— А, Гаврило Иваныч... в красных чулках; из застенка, значит, — сказал царь, быстро окинув взором взошедшего. — В красненьких чулочках, у князя-кесаря Ромодановского перенял, чтобы кровушки не видно было...
— Истину изволит молвить великий государь, — отвечал вошедший (это был Головкин), — дабы кровушки в нашем-то заплечном мастерстве не видать было.
— Ну что, винится доноситель?
— Винится, государь, сразу повинился, как только дыбу спозрел.
— А! Что ж открывает?
— Сказывает, государь: писал-де на гетмана ложно, изблевом, по злобе, а мыслил-де, что великий государь без распросу веру его известным речам даст... В таком-то великом государевом деле да без распросу, без сыску!.. Я и искал, и доискался правды; по злобе-де ложь затеял, облыжно писал.
— А Искра?
— Искра, государь, на него же всё дело, сматывает, на этот самый глубок нитку мотает: его вся эта, Кочубеева, известная затея, он, Кочубей, и Искру подучал... Обнадёживал его; государь-де милостию за сие пожалует... Я Искре, государь, по твоему государеву указу, велел дать десять, так и под кнутом утвердился на первых речах; ничего-де изменного за гетманом не ведает, а слышал-де от Кочубея. А как Кочубея стали раздевать...
Ягужинский при этих словах Головкина вздрогнул.
— Что, Павел? — спросил царь, заметив эту дрожь в своём любимце.
— Знобит как будто, государь; от окошка должно быть.
— Ну? — обратился царь к Головкину. — Раздел-таки и Кочубея?
— Раздел, государь, а он из-за пазухи и вынимает вот сие рукописание и говорит: покажь-де оное великому государю, он-де помилует горестью удручённого отца о погибели дщери своея.
Ягужинский опять вздрогнул и прислонился к стене: он, казалось, готов был упасть. Головкин с низким поклоном подал царю пакет. Государь молча разорвал конверт, стал пробегать глазами написанное в бумаге.
— Да, так и есть; всё из-за дочери, — сказал он, наконец. — Пишет, якобы гетман обольщал её. «На день святого Николая, пишет, присылал Мазепа Демьянка, приказуючи, жебы з ним виделася дочка моя, а объявил тое, же дирка в огороде межи частоколом против двора полковницкого есть проломана, до которой дирки абы конечне вечером пришла для якогось разговору. Якая присылка частократне бывала, яким способом крайнiи нам учинилися оболга и поруганie и смертельное безчестье...» А всё же это не измена, — пояснил царь.

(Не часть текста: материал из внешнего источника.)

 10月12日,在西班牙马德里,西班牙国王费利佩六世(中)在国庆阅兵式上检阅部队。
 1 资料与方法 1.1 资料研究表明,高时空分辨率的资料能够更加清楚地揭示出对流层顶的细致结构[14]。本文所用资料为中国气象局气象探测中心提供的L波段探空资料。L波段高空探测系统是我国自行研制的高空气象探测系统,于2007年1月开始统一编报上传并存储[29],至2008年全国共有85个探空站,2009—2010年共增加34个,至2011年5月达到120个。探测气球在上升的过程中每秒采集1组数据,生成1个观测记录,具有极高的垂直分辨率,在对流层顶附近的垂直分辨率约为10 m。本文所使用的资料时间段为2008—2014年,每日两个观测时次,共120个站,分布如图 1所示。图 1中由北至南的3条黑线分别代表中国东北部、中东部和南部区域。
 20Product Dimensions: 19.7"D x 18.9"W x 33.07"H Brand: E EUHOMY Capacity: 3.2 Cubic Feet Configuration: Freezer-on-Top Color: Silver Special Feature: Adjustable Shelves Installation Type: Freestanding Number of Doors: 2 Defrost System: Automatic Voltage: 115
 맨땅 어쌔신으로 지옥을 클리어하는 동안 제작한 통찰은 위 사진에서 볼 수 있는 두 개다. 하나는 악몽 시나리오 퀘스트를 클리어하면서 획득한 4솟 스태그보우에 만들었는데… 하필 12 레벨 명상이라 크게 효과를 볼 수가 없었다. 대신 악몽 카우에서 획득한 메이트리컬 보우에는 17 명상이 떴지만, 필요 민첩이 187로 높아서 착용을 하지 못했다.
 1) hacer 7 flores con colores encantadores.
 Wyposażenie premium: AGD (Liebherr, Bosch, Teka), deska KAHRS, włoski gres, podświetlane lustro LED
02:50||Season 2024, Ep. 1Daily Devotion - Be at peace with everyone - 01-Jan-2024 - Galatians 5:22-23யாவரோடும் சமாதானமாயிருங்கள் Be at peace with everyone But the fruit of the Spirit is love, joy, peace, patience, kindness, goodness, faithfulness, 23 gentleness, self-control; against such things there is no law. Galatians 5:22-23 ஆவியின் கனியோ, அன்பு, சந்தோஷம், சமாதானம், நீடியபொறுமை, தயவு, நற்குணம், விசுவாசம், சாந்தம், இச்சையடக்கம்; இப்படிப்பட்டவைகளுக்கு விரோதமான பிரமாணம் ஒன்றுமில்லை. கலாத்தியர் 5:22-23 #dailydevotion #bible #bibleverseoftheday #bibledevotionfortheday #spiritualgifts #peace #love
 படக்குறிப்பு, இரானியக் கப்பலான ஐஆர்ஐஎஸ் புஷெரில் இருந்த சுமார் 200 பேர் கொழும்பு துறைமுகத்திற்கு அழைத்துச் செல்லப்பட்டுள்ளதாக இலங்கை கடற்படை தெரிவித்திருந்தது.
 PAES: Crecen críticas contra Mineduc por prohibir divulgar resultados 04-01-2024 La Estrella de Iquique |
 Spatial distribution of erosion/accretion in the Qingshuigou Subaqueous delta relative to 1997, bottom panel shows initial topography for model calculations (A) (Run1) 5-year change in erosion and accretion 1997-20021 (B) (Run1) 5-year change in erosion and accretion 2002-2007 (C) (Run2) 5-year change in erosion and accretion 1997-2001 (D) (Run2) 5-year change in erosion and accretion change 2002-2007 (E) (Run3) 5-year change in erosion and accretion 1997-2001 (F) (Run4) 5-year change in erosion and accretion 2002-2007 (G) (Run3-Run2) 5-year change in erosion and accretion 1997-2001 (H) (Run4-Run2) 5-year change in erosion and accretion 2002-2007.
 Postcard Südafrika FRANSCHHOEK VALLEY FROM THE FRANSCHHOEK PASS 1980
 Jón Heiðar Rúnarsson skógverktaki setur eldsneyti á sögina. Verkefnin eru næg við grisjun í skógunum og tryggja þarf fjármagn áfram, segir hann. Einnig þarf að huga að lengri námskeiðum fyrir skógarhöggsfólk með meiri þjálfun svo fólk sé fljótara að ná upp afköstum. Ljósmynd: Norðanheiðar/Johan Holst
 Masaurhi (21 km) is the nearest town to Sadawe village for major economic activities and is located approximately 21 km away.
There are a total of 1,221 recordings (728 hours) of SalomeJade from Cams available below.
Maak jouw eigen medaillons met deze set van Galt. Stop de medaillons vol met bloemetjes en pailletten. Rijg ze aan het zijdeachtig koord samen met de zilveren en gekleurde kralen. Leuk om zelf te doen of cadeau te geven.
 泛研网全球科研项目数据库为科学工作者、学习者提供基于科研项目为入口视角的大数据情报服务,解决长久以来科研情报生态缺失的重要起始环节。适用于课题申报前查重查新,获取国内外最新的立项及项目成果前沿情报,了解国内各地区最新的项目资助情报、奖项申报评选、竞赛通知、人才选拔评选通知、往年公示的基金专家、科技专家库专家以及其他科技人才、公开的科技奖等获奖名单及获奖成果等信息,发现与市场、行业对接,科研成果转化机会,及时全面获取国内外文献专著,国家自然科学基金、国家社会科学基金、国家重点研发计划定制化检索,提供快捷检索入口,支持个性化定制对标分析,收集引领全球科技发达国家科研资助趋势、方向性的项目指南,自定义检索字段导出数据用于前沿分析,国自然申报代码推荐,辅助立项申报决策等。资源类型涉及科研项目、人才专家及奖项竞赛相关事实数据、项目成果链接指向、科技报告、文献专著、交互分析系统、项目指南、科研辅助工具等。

— Не измена, великий государь, — подтверждал Головкин.
— Посмотрим дальше... «В день святаго Савы, — читал Пётр, — прислал его милость гетман з Бахмача рыб свежих чрез Демьянка, а за тоею оказiею тот Демьянко говорил Мотроне на самоте, же усильно пан жадает, абы для узреняся к ему прибыла, а обецует 3.000 червонных золотых. А потом того ж дня, поворачпваючися з Бахмача, прислал того же Демьянка, приказавши наговаривати Мотрону, же пан 10.000 червонных золотых обецует дати, абы тильки так учинила, а коли в том она отговоровалася, тогда просил тот хлопец словом пана своего, щоб часть волос своих урезала и послала пану на жаданье его...» Ишь, старый! — улыбнулся царь. — Волоски его понадобились...
— Как же, государь, нельзя без этого: всё же легше, — шутил и Головкин, делая скверные глаза.
Один Ягужинский стоял молча, и как он в постоянной близости царя не вымуштровал своё лицо, оно всё-таки выдавало его глубокую тревогу.
— Ах, старый, старый, — качал головою Пётр, читая показание Кочубея, — словно паренёк молоденький... «Присылают!, — читал он дальше, — гетман брав сорочку Мотроны з тела з потом килько раз, до себе. Брав и памисто з шiи килько раз, а для чого, тое его праведная совисть знает...»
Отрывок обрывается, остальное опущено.